After I removed the above code, it worked 100% deterministically…

I am using Pytorch 0.3.1

Does torchvision have a different seed from torch?

The following appears to be the same issue:

If I use num_workers=0, I can get back the augmentation without losing the deterministic behavior, exactly as reported in the link above.

This has been fixed in 0.4, provided you set random.seed in worker_init_fn.

Furthermore, you might want to set torch.backends.cudnn.deterministic=True

3 Likes

It worked. Thanks. Nevertheless, I think we should have a more straightforward way to get determinist behave.
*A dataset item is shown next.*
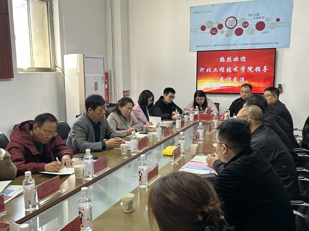 在走访过程中,常书记一行受到了河北军涛科技有限公司总经理马春庭及新华区科技局相关领导的热情接待。首先,企业负责人详细介绍了公司发展历程、业务范围、企业文化以及人才需求情况,常书记认真听取了企业的大致情况,并向企业介绍了学校的办学特色、专业设置、人才培养模式以及近年来取得的教学科研成果。他强调,学校始终坚持以培养应用型人才为目标,注重学生实践能力和创新精神的培养,致力于为社会和企业输送更多优秀的专业人才。同时表示,开展访企拓岗专项行动是学校深化产教融合、校企合作的重要举措,希望通过此次行动,与企业建立更加紧密的合作关系,共同探索人才培养新模式,为毕业生搭建更广阔的就业平台。随后,人工智能与大数据学院院长介绍了学院的专业设置、教学特色以及校企合作办学模式,并表达了希望与企业在课程建设、实习实训、就业指导等方面开展深度合作的愿望。

This “workaround” in the workers is not so intuitive for beginners.

1 Like

Based on my tests, even in PyTorch 0.4 we still need to initialize the workers with the same seed to get deterministic behavior. The following lines are NOT enough:

cudnn.benchmark = False
cudnn.deterministic = True

random.seed(1)
numpy.random.seed(1)
torch.manual_seed(1)
torch.cuda.manual_seed(1)

I think this should not be the standard behavior. In my opinion, the above lines should be enough to provide deterministic behavior. It is not obvious to the novice that, besides the above lines, he also need to initialize the workers with the same seed to get deterministic behavior.

1 Like

The problem is numpy. We can’t assume that numpy exists so you’d have to set the seed for numpy in workers yourself.

IMO, worker_init_fn allows some flexibility, but why shouldn’t PyTorch’s workers have a reasonable default behavior? Something like the following code block, if it were to execute before worker_init_fn, would be backward compatible and would provide determinism out of the box, whether Numpy is installed or not.

try:
    import numpy
    torch_seed = torch.initial_seed()
    # Numpy expects unsigned integer seeds.
    np_seed = torch_seed // 2**32-1
    numpy.random.seed(np_seed)
except Exception:
    pass
1 Like

So does torch.backends.cudnn.deterministic=True
make any form of random data pre-processing using torch libraries deterministic?

Beware running 2 processes on the same machine, even if you set random seeds and set num_workers=0. In my experience running one process on it’s own is deterministic, but running 2 processes side by side is not. The consensus here is that static variables in dynamically linked libraries are to blame. If you need to compare, run on two different machines.
(by 2 processes I mean two training scripts for example)

1 Like

def set_seed(seed):
torch.backends.cudnn.deterministic = True
torch.backends.cudnn.benchmark = False
torch.manual_seed(seed)
torch.cuda.manual_seed_all(seed)
np.random.seed(seed)
random.seed(seed)

The final line solved this issue for me.

1 Like

I’ve read this thread closely and tried everything I can see on here as suggestions, and I still cannot get deterministic behavior during training. I’m using Pytorch 1.1.0 and Torchvision 0.3.0.

In my code I have the following:

torch.backends.cudnn.deterministic = True
torch.backends.cudnn.benchmark = False
torch.manual_seed(1)
torch.cuda.manual_seed_all(1)
np.random.seed(1)
random.seed(1)

And my dataloader looks like this:

train_loader = torch.utils.data.DataLoader(
    train_dataset,
    batch_size=128,
    num_workers=0,
    shuffle=True,
    pin_memory=True,
    worker_init_fn=random.seed(1)
)

Is there a place I’ve missed setting the seed? Looking at the first few mini-batches of training, the differences in accuracy across starts is pretty stark.

Also, I don’t even get deterministic behavior when I disable RandomResizedCrop and RandomHorizontalFlip in my image transforms – so the non-deterministic behavior is happening somewhere else.

Any clues or pointers would be appreciated.